[[ Recorded data open ]]
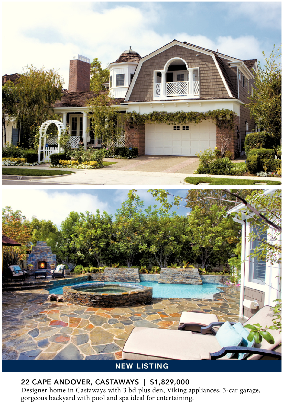 22 CAPE ANDOVER, CASTAWAYS | $1,829,000 Designer home in Castaways with 3 bd plus den, Viking appliances, 3-car garage, gorgeous backyard with pool and spa ideal for entertaining.
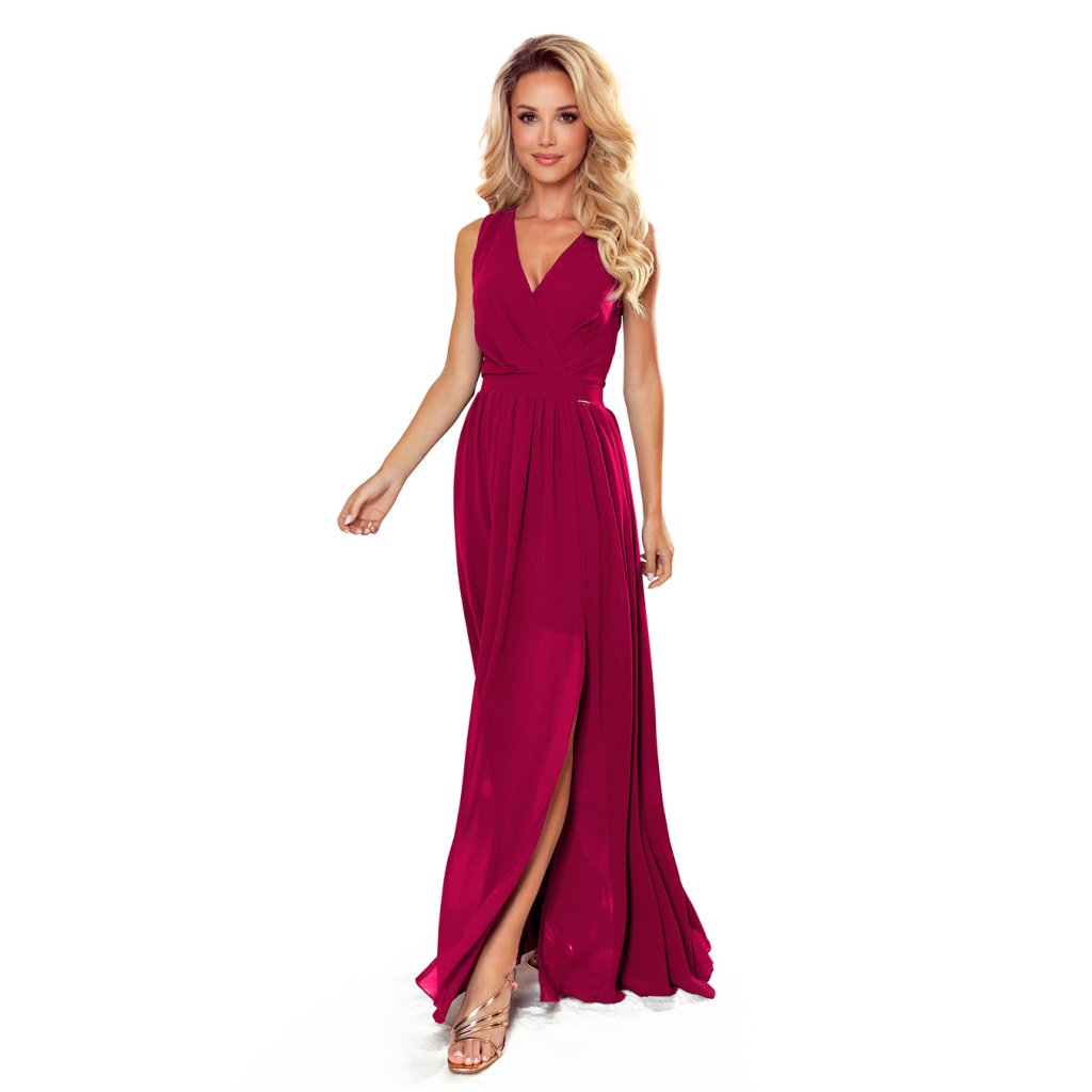 Justine - dlouhé šaty s výstřihem, rozparkem na nohavici a zavazováním na zádech. Ze vzdušného materiálu ve vínové barvě. Zapínání vzadu na krytý zip. Polský výrobek. Značka Numoco.
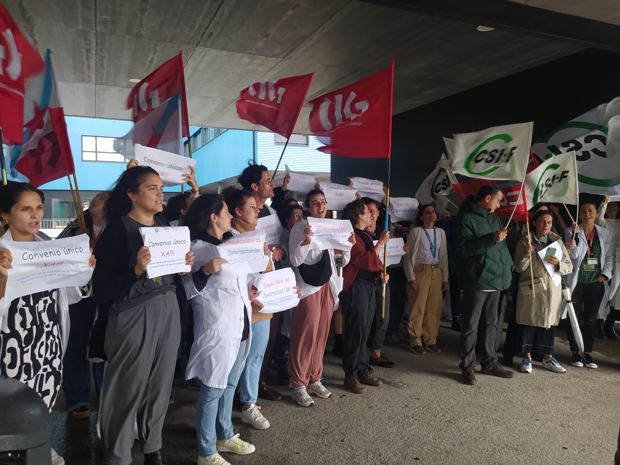 Mentres tanto, este persoal investigador segue sen ter condicións laborais equiparadas ao do persoal estatutario do SERGAS, perciben uns salarios inferiores, non teñen acceso á carreira profesional e non se lles recoñecedo traballado no resto da administración pública para cobrar os seus trienios.
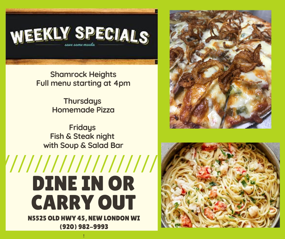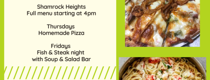 News 1/7 & 1/8 Restaurant Specials Thursday’s Homemade Pizza Full Menu & Special starting at 4pm Happy Hour 5-7pm Special: Jacked Up Prime Rib Pizza Friday Steak & Fish Fry Full Menu & Special starting at 4pm Special: Lobster Scampi over angel hair pasta January 6, 2021/by Carrie Kluge https://www.shamrockheightsgolf.com/wp-content/uploads/2021/01/Dine-in-or-carry-out-3-2.png 788 940 Carrie Kluge https://www.shamrockheightsgolf.com/wp-content/uploads/2019/04/logo2-300x133.png Carrie Kluge2021-01-06 11:31:352021-01-06 11:34:411/7 & 1/8 Restaurant Specials
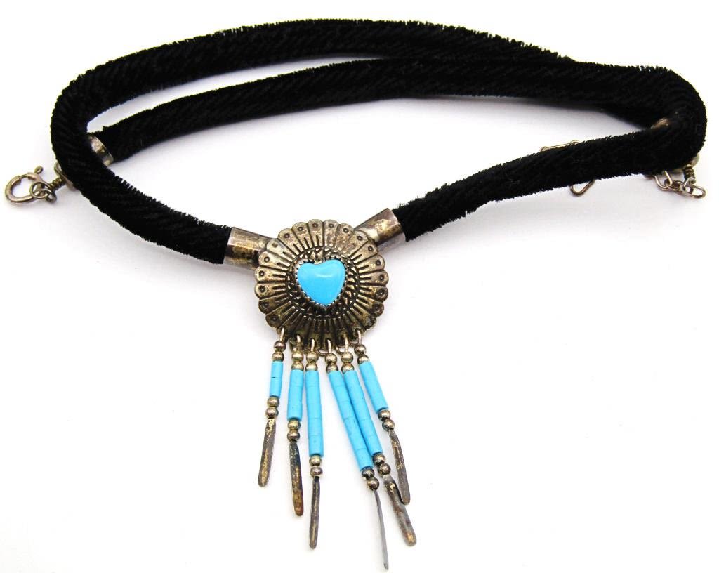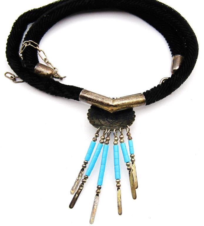 WITH DANGLY TASSLES-SLEEPING BEAUTY CENTER STONE-ATTACHED TO VELVET CHAIN-MEASURES 18 INCHES-TOTAL 6 DWT
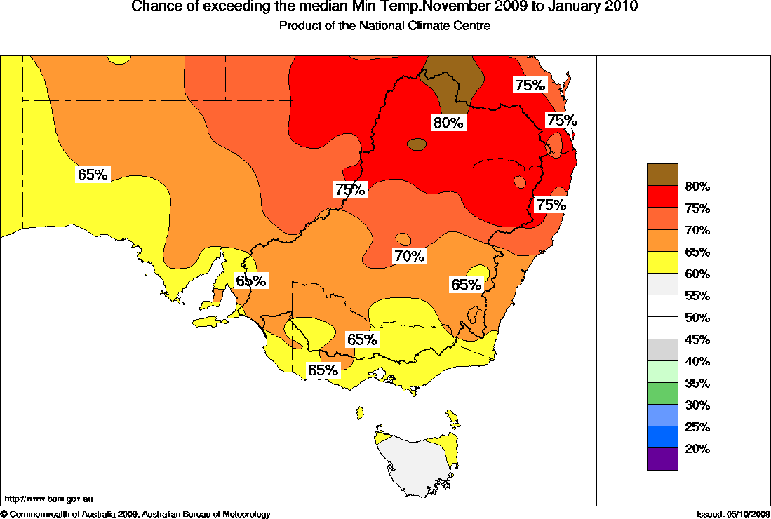 Warmer nights favoured for SE AustraliaThe outlook for temperatures over the November to January period shows warm nights are more likely than cool across southeast Australia with the exception of Tasmania. Warmer daytime temperatures are also favoured for much of southeast Australia, although not as strongly.
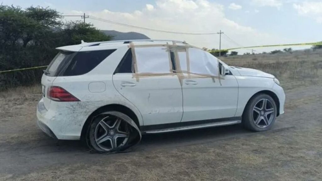 Por otro lado, la camioneta era una Mercedes Benz blanca, varias de sus ventanas tenían cartulinas en lugar de cristales, contaba con llantas ponchadas y placas del estado de Morelos.
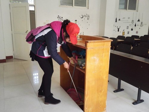 活动中,入党积极分子主要负责会计学院教学楼立信楼的清扫。他们井然有序地进行工作,不怕脏、不喊累,相互配合。清扫活动持续了一个多小时,一间间教室被积极分子们打扫得一尘不染,桌子上的小广告也彻底得到清理。积极分子们用自己的实际行动积极为同学服务,为校园增添一份清新,一抹明亮。
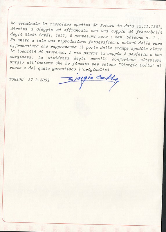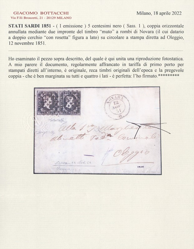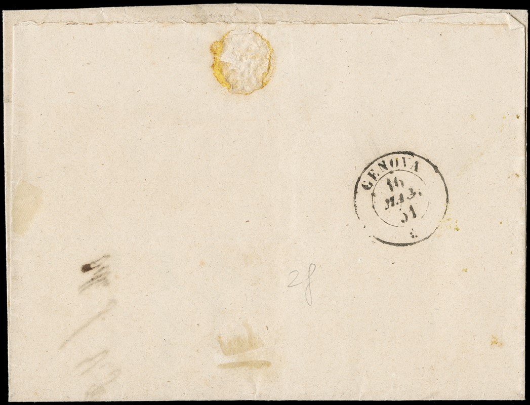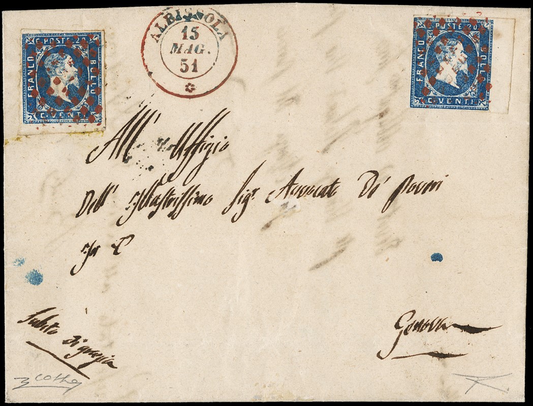 1851 - 1st issue, 20c light blue I printing, two sheet border copies cancelled with lozenge handstamp from 'ALBISSOLA 15 MAY 51', both in red, to Genoa. Splendid. Colla and Bottacchi certs.(Sassone 2g+pt.10 - Euro 56.300+)
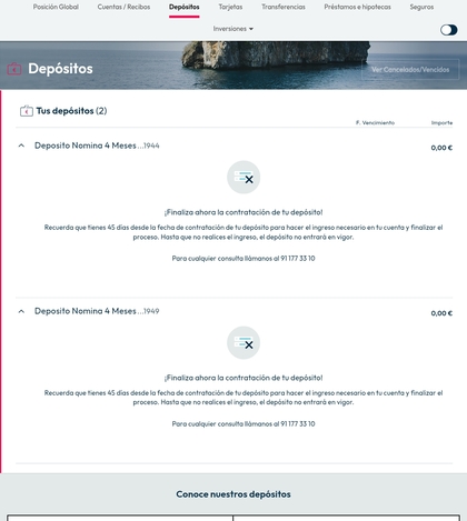 Vale ya me he informado bien puedes crear el depósito sin saldo lo confirma si se te quedan los 45 días para que hagas el depósito del dinero y automáticamente cuando esté ese dinero en cuenta se lo lleva directamente al depósito eso sí cuando haga la transferencia y esté en la cuenta necesita 24 horas más para confirmar el saldo Openbank y ya así que se lo llevan automáticamente al banco o sea que si registras ahora los depósitos que quieras y los contratas tienes 45 días para llevar el saldo. Luego los 900 euros es una transferencia que puedes hacer el día 1 de enero 1 de febrero y 1 de marzo y puede retirarlos la cuando quiera bueno lo dejas dos o tres días y lo retiras a tu cuenta de nuevo y ya está y luego no tiene mantenimiento ni coste la tarjeta de débito
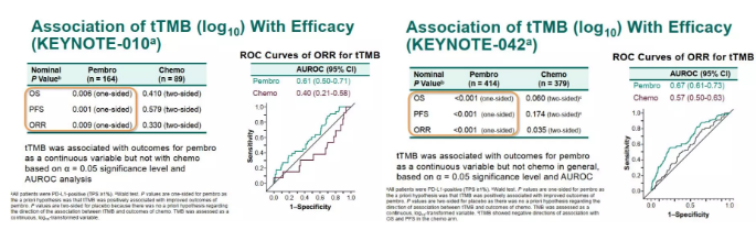 在KEYNOTE-010研究、KEYNOTE-042研究中,分别有254例、793例患者具有足够的组织DNA,并成功进行WES以评估TMB,共计253例、793例患者纳入tTMB可评估人群。
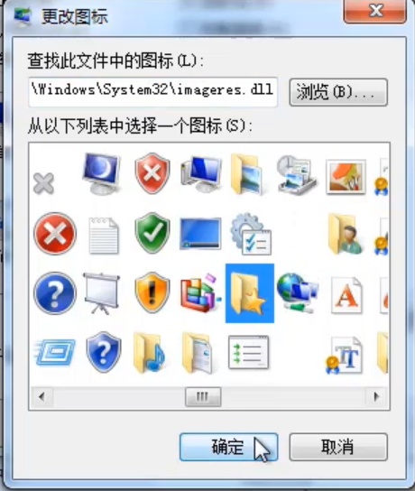 5、从列表中选择需要更改的图标,选择之后点击确定即可。
[[ Recorded data closed ]]
> [Brief]
Could each line of the data be written out exactly, with no pictures included?

> [Result for this exercise]
 22 CAPE ANDOVER, CASTAWAYS | $1,829,000 Designer home in Castaways with 3 bd plus den, Viking appliances, 3-car garage, gorgeous backyard with pool and spa ideal for entertaining.
 Justine - dlouhé šaty s výstřihem, rozparkem na nohavici a zavazováním na zádech. Ze vzdušného materiálu ve vínové barvě. Zapínání vzadu na krytý zip. Polský výrobek. Značka Numoco.
 Mentres tanto, este persoal investigador segue sen ter condicións laborais equiparadas ao do persoal estatutario do SERGAS, perciben uns salarios inferiores, non teñen acceso á carreira profesional e non se lles recoñecedo traballado no resto da administración pública para cobrar os seus trienios.
 News 1/7 & 1/8 Restaurant Specials Thursday’s Homemade Pizza Full Menu & Special starting at 4pm Happy Hour 5-7pm Special: Jacked Up Prime Rib Pizza Friday Steak & Fish Fry Full Menu & Special starting at 4pm Special: Lobster Scampi over angel hair pasta January 6, 2021/by Carrie Kluge https://www.shamrockheightsgolf.com/wp-content/uploads/2021/01/Dine-in-or-carry-out-3-2.png 788 940 Carrie Kluge https://www.shamrockheightsgolf.com/wp-content/uploads/2019/04/logo2-300x133.png Carrie Kluge2021-01-06 11:31:352021-01-06 11:34:411/7 & 1/8 Restaurant Specials
 WITH DANGLY TASSLES-SLEEPING BEAUTY CENTER STONE-ATTACHED TO VELVET CHAIN-MEASURES 18 INCHES-TOTAL 6 DWT
 Warmer nights favoured for SE AustraliaThe outlook for temperatures over the November to January period shows warm nights are more likely than cool across southeast Australia with the exception of Tasmania. Warmer daytime temperatures are also favoured for much of southeast Australia, although not as strongly.
 Por otro lado, la camioneta era una Mercedes Benz blanca, varias de sus ventanas tenían cartulinas en lugar de cristales, contaba con llantas ponchadas y placas del estado de Morelos.
 活动中,入党积极分子主要负责会计学院教学楼立信楼的清扫。他们井然有序地进行工作,不怕脏、不喊累,相互配合。清扫活动持续了一个多小时,一间间教室被积极分子们打扫得一尘不染,桌子上的小广告也彻底得到清理。积极分子们用自己的实际行动积极为同学服务,为校园增添一份清新,一抹明亮。
 1851 - 1st issue, 20c light blue I printing, two sheet border copies cancelled with lozenge handstamp from 'ALBISSOLA 15 MAY 51', both in red, to Genoa. Splendid. Colla and Bottacchi certs.(Sassone 2g+pt.10 - Euro 56.300+)
 Vale ya me he informado bien puedes crear el depósito sin saldo lo confirma si se te quedan los 45 días para que hagas el depósito del dinero y automáticamente cuando esté ese dinero en cuenta se lo lleva directamente al depósito eso sí cuando haga la transferencia y esté en la cuenta necesita 24 horas más para confirmar el saldo Openbank y ya así que se lo llevan automáticamente al banco o sea que si registras ahora los depósitos que quieras y los contratas tienes 45 días para llevar el saldo. Luego los 900 euros es una transferencia que puedes hacer el día 1 de enero 1 de febrero y 1 de marzo y puede retirarlos la cuando quiera bueno lo dejas dos o tres días y lo retiras a tu cuenta de nuevo y ya está y luego no tiene mantenimiento ni coste la tarjeta de débito
 在KEYNOTE-010研究、KEYNOTE-042研究中,分别有254例、793例患者具有足够的组织DNA,并成功进行WES以评估TMB,共计253例、793例患者纳入tTMB可评估人群。
 5、从列表中选择需要更改的图标,选择之后点击确定即可。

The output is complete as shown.